そう思った自分に苦笑する。振り返ってみれば、兄と再会した六年前からずっと、兄としてなんか見ていなかった。高校二年生の兄を見たあの瞬間から、私にとっては異性だった。
「こんな時間って……、まだ十二時だよ。大学生なら、こういうことこれからもあると思う」
兄から視線を逸らし、その横をすり抜ける。
「こんな時間になったってことは、それだけ楽しかったってことだよな」
背後から聞こえたその声はどこか硬い。
「……そうだよな。楽しかったらな良かった」
自分に言い聞かせるように、呟くように吐かれた言葉に思わず兄へと振り向く。胸の鼓動が収まらなくて、身体中が緊張しているというのに、兄の言葉を聞けばもう自分を抑えられなくなった。
「お兄ちゃんは? お兄ちゃんは、今日どうだったの?」
その奥に隠し持っている真実を知りたくて、視線を逸らさずに見つめ続けた。目の前にあるのは、さっき見つめたのと同じ首筋。さっき見つめたのと同じ腕。さっき見つめたのと同じ手のひら。あの光景と同じ姿がそこにある。どうしてもそう思ってしまう。勝手に身体が震えて、身体の芯が疼いて、訳も分からず泣いてしまいそうになる。
「ああ、ちゃんと祝ってもらったさ」
兄が私から視線を逸らし、ぱたぱたと二度瞼を瞬かせる。
「お兄ちゃんの彼女に祝ってもらったの?」
どうして、今夜一人でここいいたの――?
「そうだって言っただろ」
ぱたぱた。二度の瞬きの後そう言い捨てて私の前から離れた。
そうだ。ずっと忘れていた。小さい時、兄が視線を逸らして何かを言う時、必ず二度瞬きをしていた。そんなこと、ずっと忘れていた。
どうして、視線を逸らすの――?
それは、嘘、だからだよね――?
背後に兄の気配を感じる。すべてを感じようと身体中が敏感になる。
「おまえももう大人だもんな。あんまり干渉しないようにはする。ただ、夜は心配だから。あまりに遅くなるようだったら連絡くらいは入れるようにしてくれ。じゃあ、俺はもう寝るよ」
そう言うと、兄は自分の部屋へと向かおうとした。
「お兄ちゃんっ!」
「……なんだ?」
咄嗟に引き留めると、兄がやっと私を見た。
「お願いがあるの……」
兄は、彼女がいると嘘をついてまで私を遠ざけた。私が兄に対して抱いている感情に、兄が気付いているのかは分からない。でも、これまで寄り添うように生きて来た私を『遠ざけた』という事実は変わらない。その事実に引き裂かれそうなほどに胸が痛むのに、私はその兄の気持ちに応えてあげられない。本当はまだ、罪悪感も迷いもある。でも、ここで止まれないことも分かっている。
「お願いって?」
低くて優しい、少し掠れた声。
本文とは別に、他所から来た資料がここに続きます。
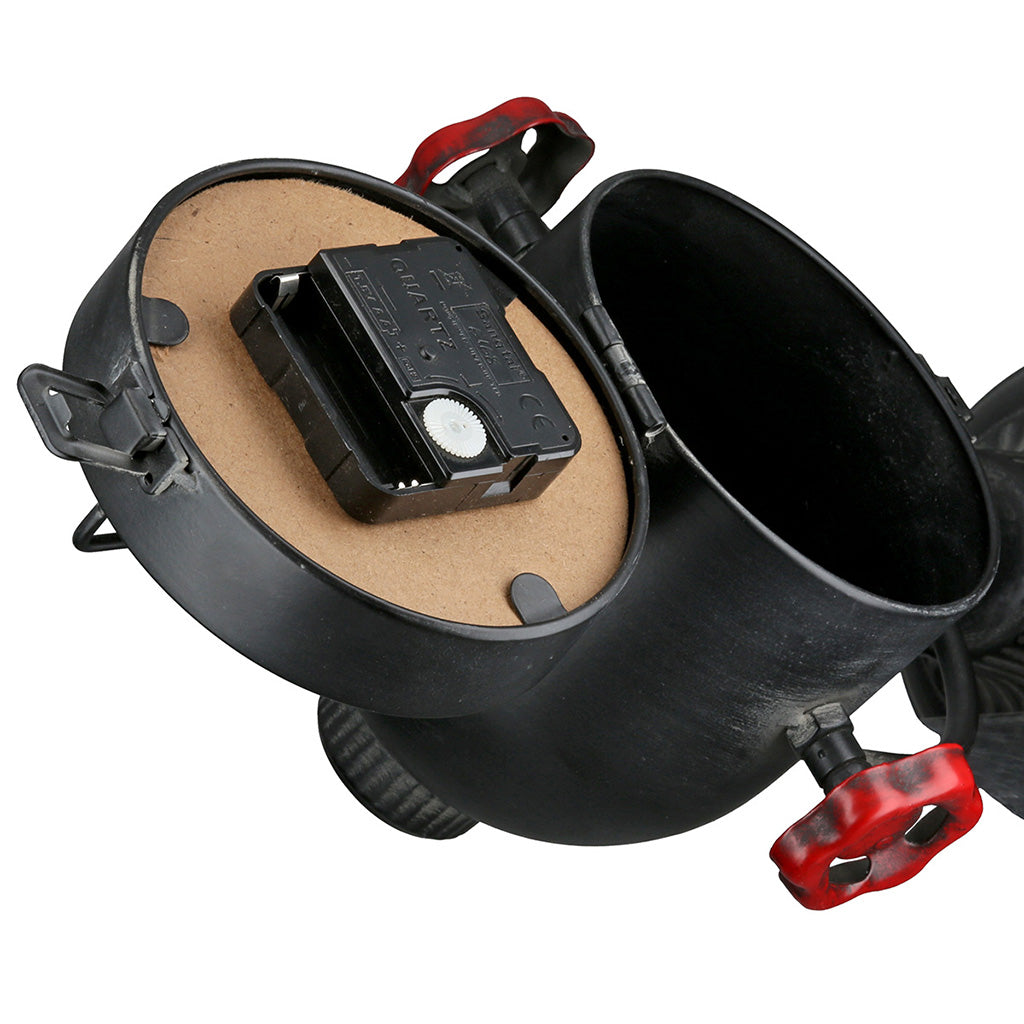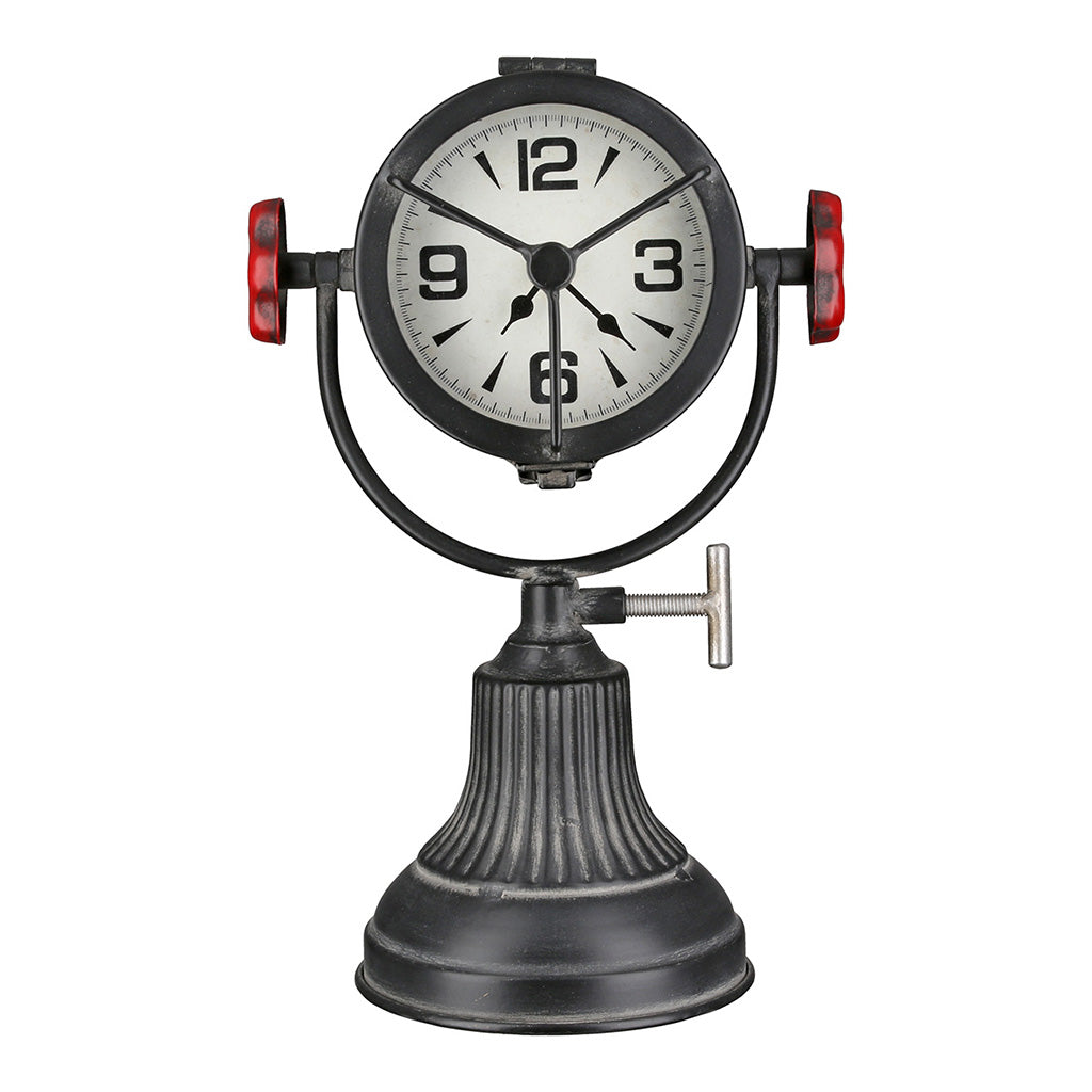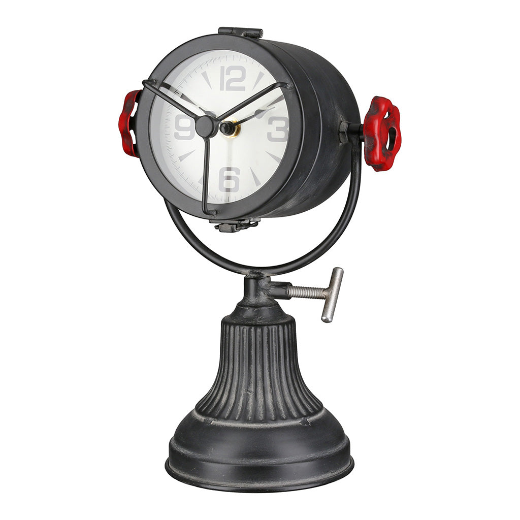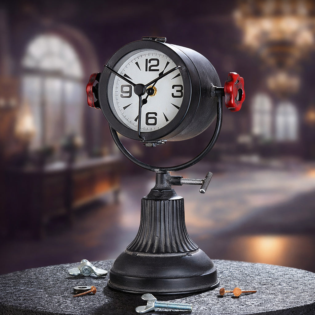 En bordsklocka i metall med tydliga industriella detaljer. Formen påminner om äldre verkstadslampor och mätinstrument, med en klassisk och lättläst urtavla.

この声が好きで。私を見てくれるその視線が、ずっとたまらなく好きで。
「今度の私の誕生日、今年も二人だけで祝いたいの。だから、その日は予定を入れないで」
兄が無言のまま私を見つめている。兄へと向ける視線に意味を込める。真っ直ぐに、ただ兄だけを見つめた。
「ああ、そんなことか。でも、俺でいいのか? 大学の友達とか、他に、誰か一緒に祝う奴とか――」
「お兄ちゃんがいいの。だめ?」
「……だめなわけないだろ」
はっきりとした兄の口調に、ただそれだけで嬉しくなる。
「ありがとう」
「メイ……」
兄から視線をそらすと、不意に兄に呼ばれた。
「ん?」
「もしかして、今日、一度家に帰って来たりしたか……?」
兄の視線が怯えたように揺れている。こちらにまで兄の不安が伝わって来る。
「ううん。なんでそんなこと聞くのよ」
「そうだよな。ごめん。なんでもないよ」
心の底から不思議そうな顔をして私が答えると、兄は全身の力が抜けて安心したかのように表情を緩めていた。
「じゃあ、おやすみ」
もう一度そう言って部屋へと入って行く兄の背中に言葉を放つ。
「お誕生日、おめでとう」
「おう」
兄が振り返り微笑みをくれる。
ごめんね、お兄ちゃん――。
兄に心の中で謝った。兄が必死で守ろうとしている兄としての顔を、そして兄妹という絆を、私は壊してしまおうとしているんだから。